* [Work instructions]: In the data below, find the line with "a continuación, tienes" and the line with "课上,刘杰围绕武汉抗疫历程、", then restate both and every line between them exactly, minus the pictures.

* [Stored data]:
********************
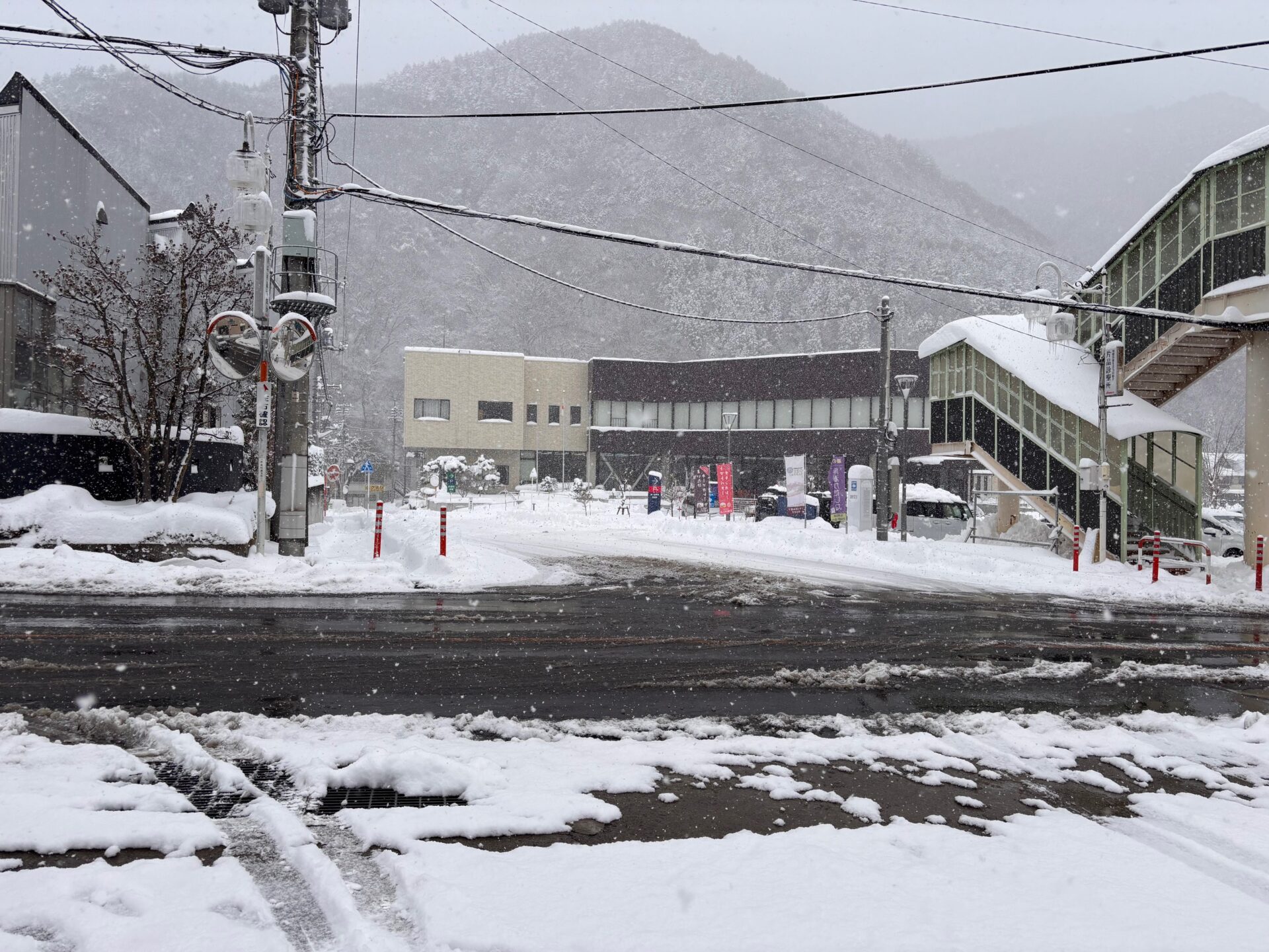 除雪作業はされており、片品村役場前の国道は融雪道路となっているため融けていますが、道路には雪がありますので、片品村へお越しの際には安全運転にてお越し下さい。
********************
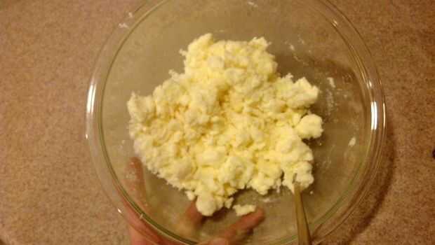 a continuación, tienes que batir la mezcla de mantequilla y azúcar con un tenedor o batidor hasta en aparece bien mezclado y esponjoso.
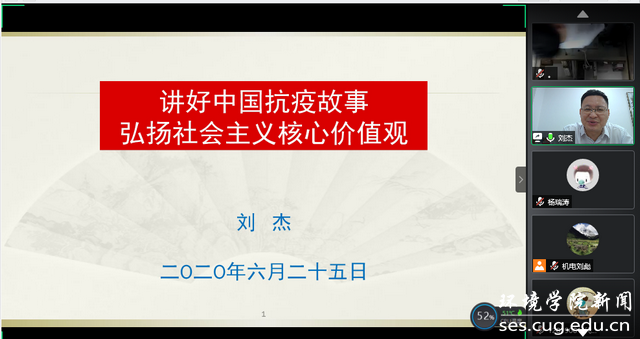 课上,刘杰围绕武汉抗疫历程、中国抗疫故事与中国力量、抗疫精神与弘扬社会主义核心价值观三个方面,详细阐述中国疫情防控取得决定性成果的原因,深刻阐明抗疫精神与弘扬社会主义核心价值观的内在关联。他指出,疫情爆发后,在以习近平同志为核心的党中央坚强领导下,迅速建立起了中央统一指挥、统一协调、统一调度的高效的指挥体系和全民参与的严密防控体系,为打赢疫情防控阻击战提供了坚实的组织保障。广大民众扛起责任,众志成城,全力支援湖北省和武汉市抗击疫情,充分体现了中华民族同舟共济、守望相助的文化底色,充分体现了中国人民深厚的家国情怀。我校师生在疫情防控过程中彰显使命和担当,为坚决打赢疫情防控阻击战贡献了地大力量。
********************
* [Written answer]:
 a continuación, tienes que batir la mezcla de mantequilla y azúcar con un tenedor o batidor hasta en aparece bien mezclado y esponjoso.
 课上,刘杰围绕武汉抗疫历程、中国抗疫故事与中国力量、抗疫精神与弘扬社会主义核心价值观三个方面,详细阐述中国疫情防控取得决定性成果的原因,深刻阐明抗疫精神与弘扬社会主义核心价值观的内在关联。他指出,疫情爆发后,在以习近平同志为核心的党中央坚强领导下,迅速建立起了中央统一指挥、统一协调、统一调度的高效的指挥体系和全民参与的严密防控体系,为打赢疫情防控阻击战提供了坚实的组织保障。广大民众扛起责任,众志成城,全力支援湖北省和武汉市抗击疫情,充分体现了中华民族同舟共济、守望相助的文化底色,充分体现了中国人民深厚的家国情怀。我校师生在疫情防控过程中彰显使命和担当,为坚决打赢疫情防控阻击战贡献了地大力量。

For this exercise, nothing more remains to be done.